▶ PROBLEM REQUIREMENTS: Where an image appears, leave it out; otherwise repeat the data exactly.

▶ SOURCE MATERIAL:
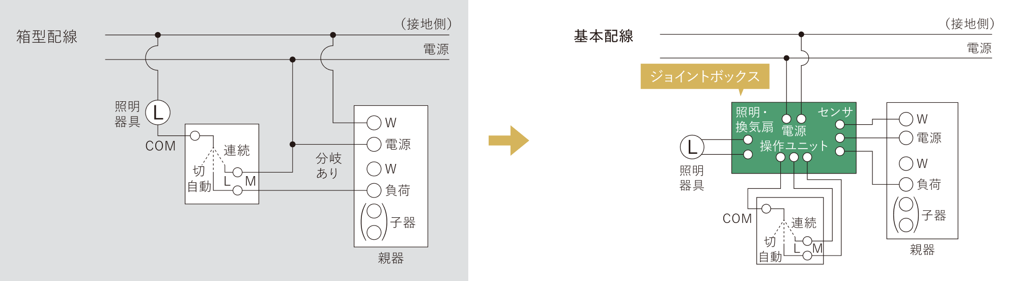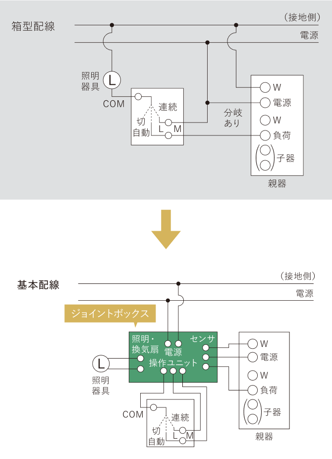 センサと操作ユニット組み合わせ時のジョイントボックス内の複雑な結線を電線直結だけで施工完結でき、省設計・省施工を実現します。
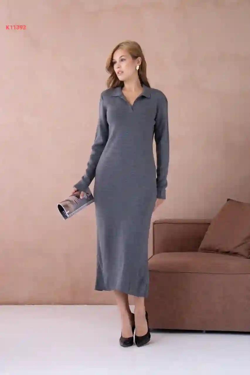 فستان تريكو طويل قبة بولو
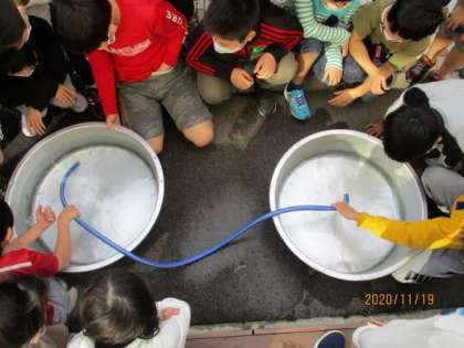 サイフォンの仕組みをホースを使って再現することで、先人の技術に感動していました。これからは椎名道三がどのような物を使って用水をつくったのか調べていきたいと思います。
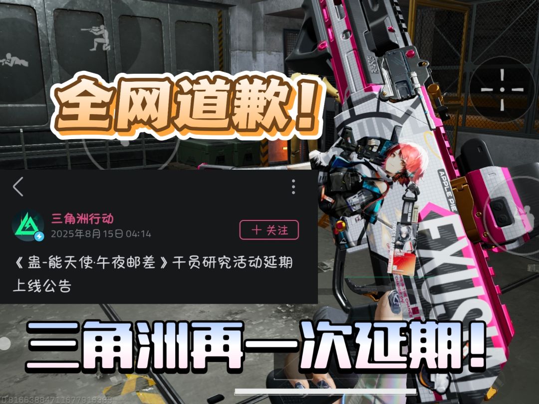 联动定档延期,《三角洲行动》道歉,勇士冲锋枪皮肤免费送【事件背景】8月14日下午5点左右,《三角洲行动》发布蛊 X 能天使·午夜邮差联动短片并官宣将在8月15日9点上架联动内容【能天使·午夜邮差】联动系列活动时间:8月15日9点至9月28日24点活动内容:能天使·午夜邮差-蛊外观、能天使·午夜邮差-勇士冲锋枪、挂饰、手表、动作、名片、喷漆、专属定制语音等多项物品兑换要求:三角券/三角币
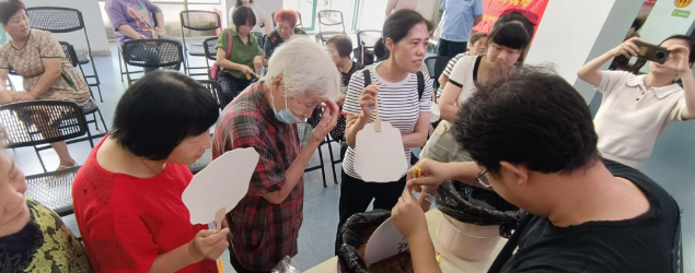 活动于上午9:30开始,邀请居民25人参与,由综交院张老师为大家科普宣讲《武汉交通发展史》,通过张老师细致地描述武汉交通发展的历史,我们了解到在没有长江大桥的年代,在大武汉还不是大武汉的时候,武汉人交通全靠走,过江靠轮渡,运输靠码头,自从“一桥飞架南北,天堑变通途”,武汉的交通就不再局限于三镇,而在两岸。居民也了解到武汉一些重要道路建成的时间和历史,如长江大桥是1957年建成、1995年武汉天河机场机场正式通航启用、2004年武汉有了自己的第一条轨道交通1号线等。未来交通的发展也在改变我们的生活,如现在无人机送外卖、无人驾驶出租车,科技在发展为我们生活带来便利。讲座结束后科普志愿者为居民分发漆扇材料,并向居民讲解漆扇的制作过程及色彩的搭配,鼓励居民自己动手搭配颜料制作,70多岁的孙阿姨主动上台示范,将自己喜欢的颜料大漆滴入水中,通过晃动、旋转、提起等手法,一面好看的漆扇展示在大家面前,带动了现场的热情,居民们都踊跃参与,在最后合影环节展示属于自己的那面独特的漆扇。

▶ OUTPUT:
 センサと操作ユニット組み合わせ時のジョイントボックス内の複雑な結線を電線直結だけで施工完結でき、省設計・省施工を実現します。
 فستان تريكو طويل قبة بولو
 サイフォンの仕組みをホースを使って再現することで、先人の技術に感動していました。これからは椎名道三がどのような物を使って用水をつくったのか調べていきたいと思います。
 联动定档延期,《三角洲行动》道歉,勇士冲锋枪皮肤免费送【事件背景】8月14日下午5点左右,《三角洲行动》发布蛊 X 能天使·午夜邮差联动短片并官宣将在8月15日9点上架联动内容【能天使·午夜邮差】联动系列活动时间:8月15日9点至9月28日24点活动内容:能天使·午夜邮差-蛊外观、能天使·午夜邮差-勇士冲锋枪、挂饰、手表、动作、名片、喷漆、专属定制语音等多项物品兑换要求:三角券/三角币
 活动于上午9:30开始,邀请居民25人参与,由综交院张老师为大家科普宣讲《武汉交通发展史》,通过张老师细致地描述武汉交通发展的历史,我们了解到在没有长江大桥的年代,在大武汉还不是大武汉的时候,武汉人交通全靠走,过江靠轮渡,运输靠码头,自从“一桥飞架南北,天堑变通途”,武汉的交通就不再局限于三镇,而在两岸。居民也了解到武汉一些重要道路建成的时间和历史,如长江大桥是1957年建成、1995年武汉天河机场机场正式通航启用、2004年武汉有了自己的第一条轨道交通1号线等。未来交通的发展也在改变我们的生活,如现在无人机送外卖、无人驾驶出租车,科技在发展为我们生活带来便利。讲座结束后科普志愿者为居民分发漆扇材料,并向居民讲解漆扇的制作过程及色彩的搭配,鼓励居民自己动手搭配颜料制作,70多岁的孙阿姨主动上台示范,将自己喜欢的颜料大漆滴入水中,通过晃动、旋转、提起等手法,一面好看的漆扇展示在大家面前,带动了现场的热情,居民们都踊跃参与,在最后合影环节展示属于自己的那面独特的漆扇。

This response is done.